There’s a lot of truly mind-boggling tech out there – rail guns, self-driving cars, hover boards. So why is ultrasonic data transmission – use of sound beyond the audible spectrum – pretty much stuck at about the technical equivalent of the dog whistle?

There’s clearly a strong desire in the tech community to get this tech working. In February 2014 Google acquired SlickLogin, a Tel Aviv start-up that used ultrasonic tones as a second factor for password authentication. They were acquired just five months after launching, the team absorbed into the amorphous blob of Google geniuses.

As far as we know, Google dismantled the SlickLogin software, but they’ve still been attempting to bring the technology to market. The struggle now is finding a use case that makes sense. In summer 2014 Google announced that the ChromeCast would allow guests to log in via an ultrasonic pairing signal. There was a lot of fanfare at the launch but the product pretty much fizzled into obscurity. After all, asking someone for their WiFi password just isn’t all that difficult.

Then in summer 2015, Google launched Google Tone, a product of Vancouver Googler Boris Smus. The use case this time? Sending URLs to nearby computers, allowing you to silently rick-roll your office. According to Smus’ blog and Github, he’d been working on the pet project since 2013. Although Google Tone was #1 on Product Hunt the day it launched, we haven’t heard much about it since.

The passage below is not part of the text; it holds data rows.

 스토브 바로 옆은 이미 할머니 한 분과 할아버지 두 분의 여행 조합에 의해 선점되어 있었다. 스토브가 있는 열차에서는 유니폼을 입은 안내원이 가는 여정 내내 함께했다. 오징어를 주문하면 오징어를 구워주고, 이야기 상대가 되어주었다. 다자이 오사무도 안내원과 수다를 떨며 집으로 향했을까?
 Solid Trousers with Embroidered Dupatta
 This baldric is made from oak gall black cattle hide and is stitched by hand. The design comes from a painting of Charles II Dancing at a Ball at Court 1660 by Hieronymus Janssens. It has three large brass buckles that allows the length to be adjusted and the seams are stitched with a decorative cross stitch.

The idea of sending data – even very small bits of data – via sound, is technically appetizing. It’s practically hardware agnostic – every phone has a microphone, and it doesn’t require WiFi, Bluetooth, Rubee, or any of the other communication protocols that are already out there. As people cut cords, cancel newspaper subscriptions and download ad blockers, proximity based marketing is becoming more and more attractive for reaching consumers. But even with behemoths like Google and (allegedly) Qualcomm working on it, nobody seems able to successfully master ultrasonic data transfer.

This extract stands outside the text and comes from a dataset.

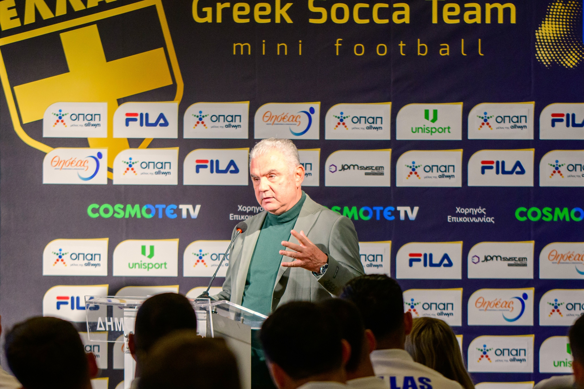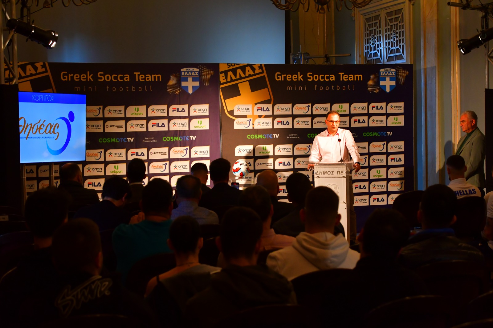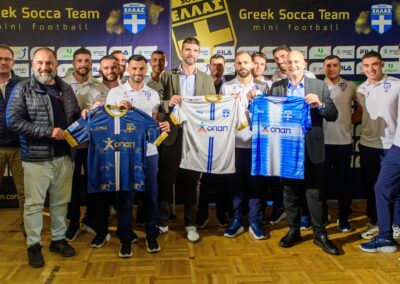 Στην επίσημη Συνέντευξη Τύπου και παρουσίαση της φανέλας που πραγματοποιήθηκε στο Δημοτικό Θέατρο Πειραιά, παρουσία θεσμικών εκπροσώπων, χορηγών και φίλων του Socca, παρουσιάστηκε η Ελληνική Ομάδα που θα εκπροσωπήσει τη χώρα μας στο φετινό Παγκόσμιο Κύπελλο, Socca World Championship, το οποίο θα διεξαχθεί στο Κανκούν του Μεξικό από τις 29 Νοεμβρίου έως τις 7 Δεκεμβρίου και θα μεταδοθεί από την Cosmote TV.
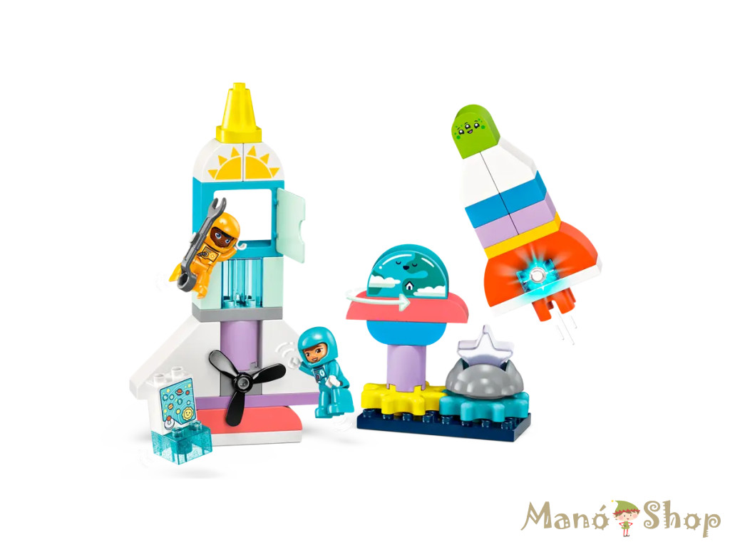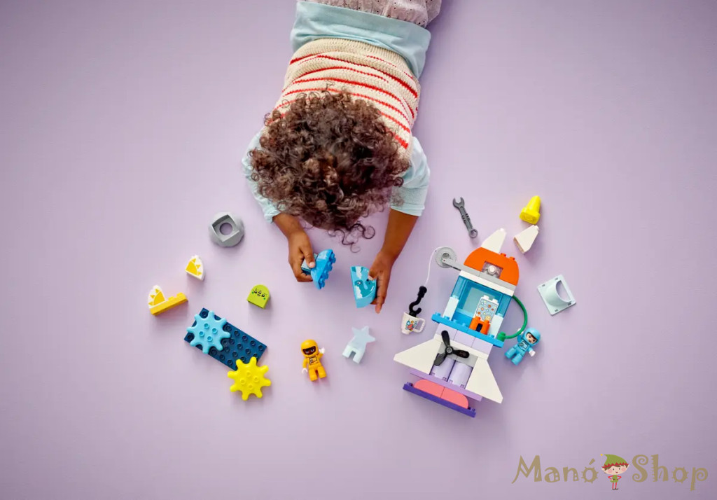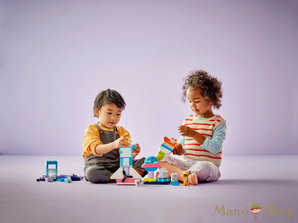 3… 2… 1… kezdődjön az eseményekkel teli játékidő a 3 az 1-ben átépíthető űrsikló kaland (10422) játékkal! A képzelet szárnyakat kap, miközben a 3+ éves kisgyermekek eljátsszák, hogy űrhajósok, egy játék űrhajón felfedezik a galaxist, idegenekkel találkoznak, és tanulnak a Naprendszerről. A játék űrhajó vidám kiegészítőkkel van tele, hogy inspirálja a kreatív játékot. A óvodások új távlatokat fedezhetnek fel, miközben vidám űrkalandokat találnak ki a 2 LEGO® DUPLO® űrhajós figurának, összebarátkoznak az űrlényekkel, vagy űrsétára mennek, hogy megjavítsák a játék űrhajót. A játékidő mindig tartogat valami újat ezzel a rugalmasan alakítható, 3 az 1-ben építőszettel, amelyhez számos érdekes építőkocka és elem tartozik, hogy 2 további űrjárgányt vagy egy földi bázist lehessen építeni belőle, vagy bármit, amit a kicsik el tudnak képzelni! A forgó kerekekkel és propellerrel, a felhúzható csörlővel, a csuklópántos ajtókkal és a világító elemmel ez a vidám fejlesztőjáték segít a kicsiknek a fejleszteni a finommotoros készségeket is. Átépíthető játék űrhajó – Engedd, hogy a kis űrhajósok a világűr iránti rajongásuknak ezzel a sokoldalú, 3 éves kortól ajánlott LEGO® DUPLO® 3 az 1-ben űrsikló kaland játék űrrakétával hódoljanak Tele a doboz – A színes építőkockák és játék kiegészítők széles választékával, az űrlényfigurával és a 2 LEGO® DUPLO® űrhajóssal a kisgyermekek végtelen sok űrbéli kalandot találhatna ki Fejlesztőjáték óvodásoknak – A kicsik csiszolhatják a finommotoros készségeiket, miközben csörlőznek, forgatjáka propellert vagy kinyitják az ajtókat, és fejleszthetik a kreativitásukat is azáltal, hogy többféle űrjárművet építenek Világító elemet is tartalmaz – A mókás világító elem (elemek mellékelve) egy vizuális inger, és az űrhajós játékot egy új dimenzióval bővíti Űrhajós ajándékötlet óvodásoknak – Lepj meg egy 3 éves vagy annál nagyobb kis űrhajóst egy különleges alkalomból ezzel a kisgyermekeknek készült fejlesztőjátékkal, amely kreatív játékra biztatja őket Minőségi játék kicsiknek – Ennek aLEGO® DUPLO® űrhajós készletnek a kockáit és az elemeit ledobjuk, felhevítjük, összenyomjuk, megcsavarjuk és megvizsgáljuk, így biztosítva, hogy megfeleljenek a szigorú gyerekbiztonsági előírásoknak Keltsük fel a kicsik kíváncsiságát – A LEGO® DUPLO® szettek segítenek a kis építőknek elsajátítani az életben fontos kérdéseket, és segítenek, hogy merjenek nagyot álmodni a világról...és azon túl Rengeteg építőkocka a hatalmas játékélményért – Ennek az 58 elemből álló készlet a fő eleme az űrrakéta, amely 35 cm magas, 18 cm hosszú és 19 cm széles

We’ve been working on our own ultrasonic data transmission tool for nearly a year and a half. It’s called Tchirp and we initially thought of the idea when wandering in the French Quarter. You walk into a club and love the band that’s playing. But its late, it’s crowded, and Shazam doesn’t work for live music. If you’ve got ultrasonic data on the brain, there’s a solution; just encode a unique artist ID in ultrasonic sound, like an audio-based QR code. You’ve got the speakers on stage, and a computer with attached microphone in the form of a smartphone. All the hardware is already in place. Sounds easy enough, right?

I wish.

…Just to Put Things in Perspective

Anyone who has ever glanced at the equations for acoustic physics can tell you that the science of sound gets complex very quickly. We’re talking about pressure waves moving through air and interacting with each other as they bounce off of some surfaces while being absorbed by others. And in case that was too straightforward, many of these interactions depend on frequency, angle of contact, and even the temperature and barometric pressure. And we are trying to introduce specific frequency waves into this system and detect them from elsewhere.

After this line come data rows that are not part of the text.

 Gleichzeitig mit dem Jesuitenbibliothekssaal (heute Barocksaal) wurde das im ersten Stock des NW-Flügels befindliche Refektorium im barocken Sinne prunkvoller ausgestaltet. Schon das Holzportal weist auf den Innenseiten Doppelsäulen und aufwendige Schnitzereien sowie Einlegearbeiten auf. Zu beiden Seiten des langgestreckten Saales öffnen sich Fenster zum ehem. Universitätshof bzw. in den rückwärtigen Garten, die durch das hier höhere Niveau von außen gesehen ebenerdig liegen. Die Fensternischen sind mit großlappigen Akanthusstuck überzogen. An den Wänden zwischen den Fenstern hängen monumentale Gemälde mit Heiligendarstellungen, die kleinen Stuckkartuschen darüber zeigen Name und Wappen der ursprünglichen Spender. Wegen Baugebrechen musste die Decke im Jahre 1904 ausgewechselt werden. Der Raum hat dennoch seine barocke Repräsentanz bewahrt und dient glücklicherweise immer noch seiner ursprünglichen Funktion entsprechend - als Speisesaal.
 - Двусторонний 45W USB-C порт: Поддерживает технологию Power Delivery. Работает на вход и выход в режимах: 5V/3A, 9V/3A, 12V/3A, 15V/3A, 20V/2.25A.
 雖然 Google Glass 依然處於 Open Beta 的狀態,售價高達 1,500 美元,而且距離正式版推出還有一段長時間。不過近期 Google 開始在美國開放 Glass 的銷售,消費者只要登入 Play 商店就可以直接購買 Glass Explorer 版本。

Imagine a swimming pool with a dozen kids splashing around. And on one end of the pool we’re going to make a specific splash, and from the other end of the pool, we’ll try to detect that specific splash. Not so easy.

But let’s drill into the specifics. Here are a few of the specific issues we ran into.

Problem 1: Audio Hardware Limitations

For our proposed solution, we need to broadcast the identifier (as ultrasonic sound) into an environment. We want this signal to be as strong as possible, but there are limits. An audio system can be overdriven which results in clipping. You’ve heard clipping if you’ve ever turned your speakers all the way up and the sound starts to get grainy. This can occur for a number of reasons, but the result is always the same: added frequency components in the signal. This complicates the signal detection and can cause an originally ultrasonic transmission to become audible. Also, sound systems do not respond equally well to all frequencies. And because Tchirp works in a band of sound almost no humans can hear, most audio systems are tuned to attenuate (“quiet”) these very high frequency components (this is referred to as “roll off”).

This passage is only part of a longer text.